#### [DATA UNDER STUDY]
+ + + + +
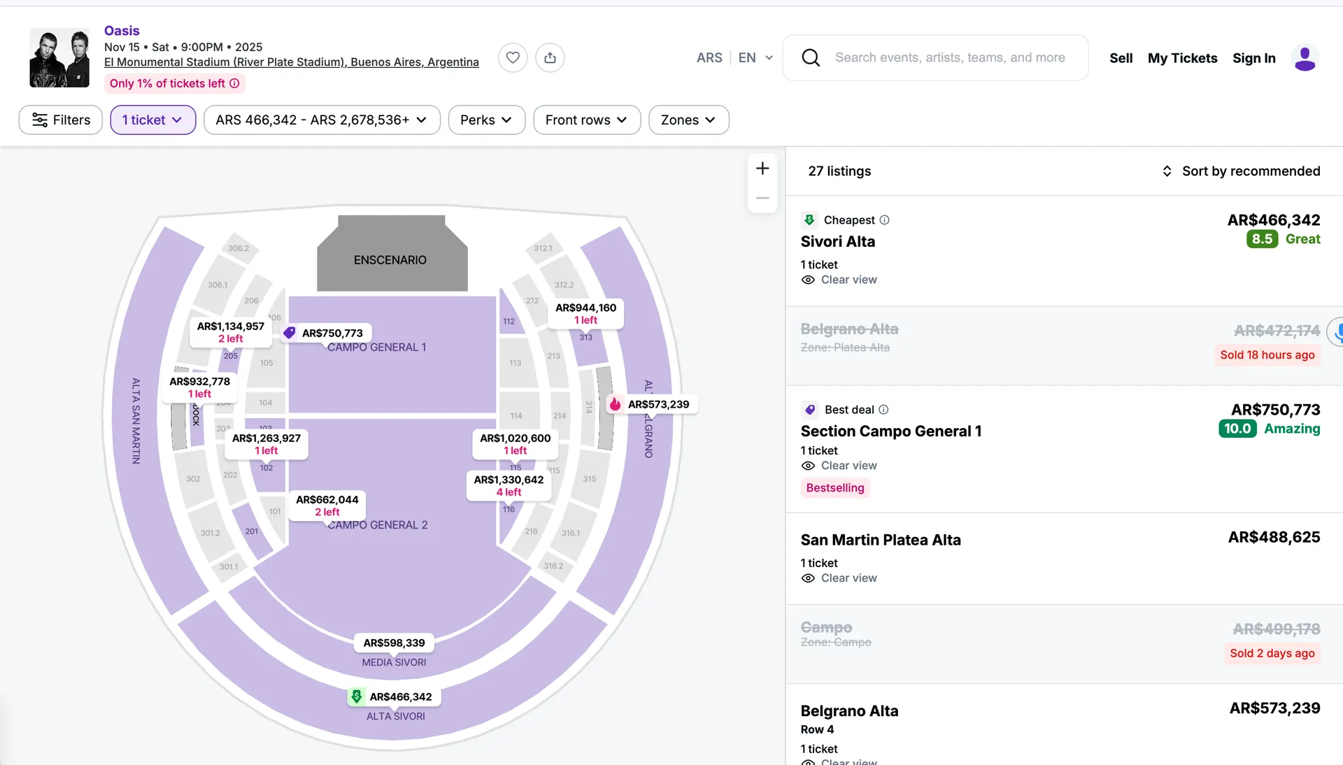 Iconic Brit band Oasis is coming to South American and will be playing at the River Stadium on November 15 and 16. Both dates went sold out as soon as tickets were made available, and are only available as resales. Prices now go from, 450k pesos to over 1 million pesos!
+ + + + +
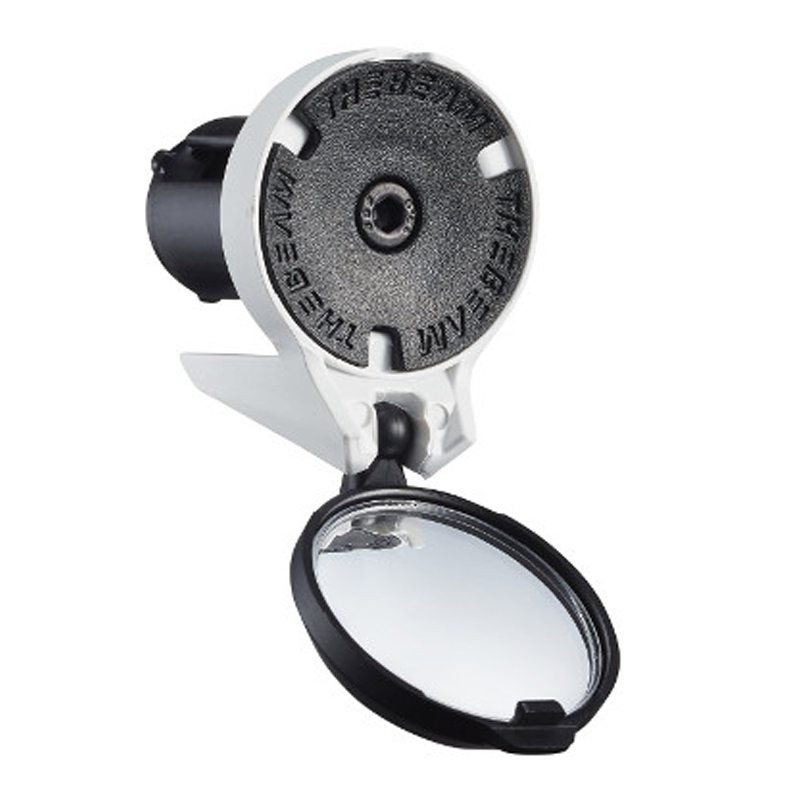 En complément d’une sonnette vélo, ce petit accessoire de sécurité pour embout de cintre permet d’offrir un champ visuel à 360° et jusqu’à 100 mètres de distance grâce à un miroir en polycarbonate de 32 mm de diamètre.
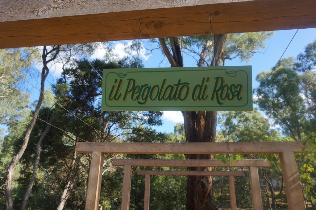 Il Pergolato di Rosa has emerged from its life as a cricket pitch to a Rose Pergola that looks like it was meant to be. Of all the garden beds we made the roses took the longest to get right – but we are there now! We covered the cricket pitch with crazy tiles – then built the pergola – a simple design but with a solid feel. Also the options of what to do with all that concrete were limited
+ + + + +
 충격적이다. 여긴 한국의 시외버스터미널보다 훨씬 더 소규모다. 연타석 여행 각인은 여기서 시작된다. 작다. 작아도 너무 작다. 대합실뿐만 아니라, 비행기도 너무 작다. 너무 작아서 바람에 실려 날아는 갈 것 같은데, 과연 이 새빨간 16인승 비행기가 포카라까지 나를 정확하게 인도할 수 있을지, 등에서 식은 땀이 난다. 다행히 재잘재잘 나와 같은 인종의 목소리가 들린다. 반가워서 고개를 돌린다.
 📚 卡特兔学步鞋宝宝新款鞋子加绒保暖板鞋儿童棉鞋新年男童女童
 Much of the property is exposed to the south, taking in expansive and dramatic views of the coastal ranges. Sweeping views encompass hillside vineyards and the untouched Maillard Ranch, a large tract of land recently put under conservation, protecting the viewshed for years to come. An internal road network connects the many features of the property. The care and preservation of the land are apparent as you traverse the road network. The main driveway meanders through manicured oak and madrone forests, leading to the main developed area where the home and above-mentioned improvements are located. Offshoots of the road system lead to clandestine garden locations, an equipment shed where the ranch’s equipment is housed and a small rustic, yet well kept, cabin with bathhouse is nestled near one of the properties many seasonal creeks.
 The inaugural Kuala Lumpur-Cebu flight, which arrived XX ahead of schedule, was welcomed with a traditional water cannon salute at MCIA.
+ + + + +
#### [WHAT THE TASK ASKS]
Going back to the entries above, set down exactly the lines that begin at the one with "Much of the" and end at the one with "The inaugural Kuala", both included, and nothing else.

#### [EXERCISE OUTPUT]
 Much of the property is exposed to the south, taking in expansive and dramatic views of the coastal ranges. Sweeping views encompass hillside vineyards and the untouched Maillard Ranch, a large tract of land recently put under conservation, protecting the viewshed for years to come. An internal road network connects the many features of the property. The care and preservation of the land are apparent as you traverse the road network. The main driveway meanders through manicured oak and madrone forests, leading to the main developed area where the home and above-mentioned improvements are located. Offshoots of the road system lead to clandestine garden locations, an equipment shed where the ranch’s equipment is housed and a small rustic, yet well kept, cabin with bathhouse is nestled near one of the properties many seasonal creeks.
 The inaugural Kuala Lumpur-Cebu flight, which arrived XX ahead of schedule, was welcomed with a traditional water cannon salute at MCIA.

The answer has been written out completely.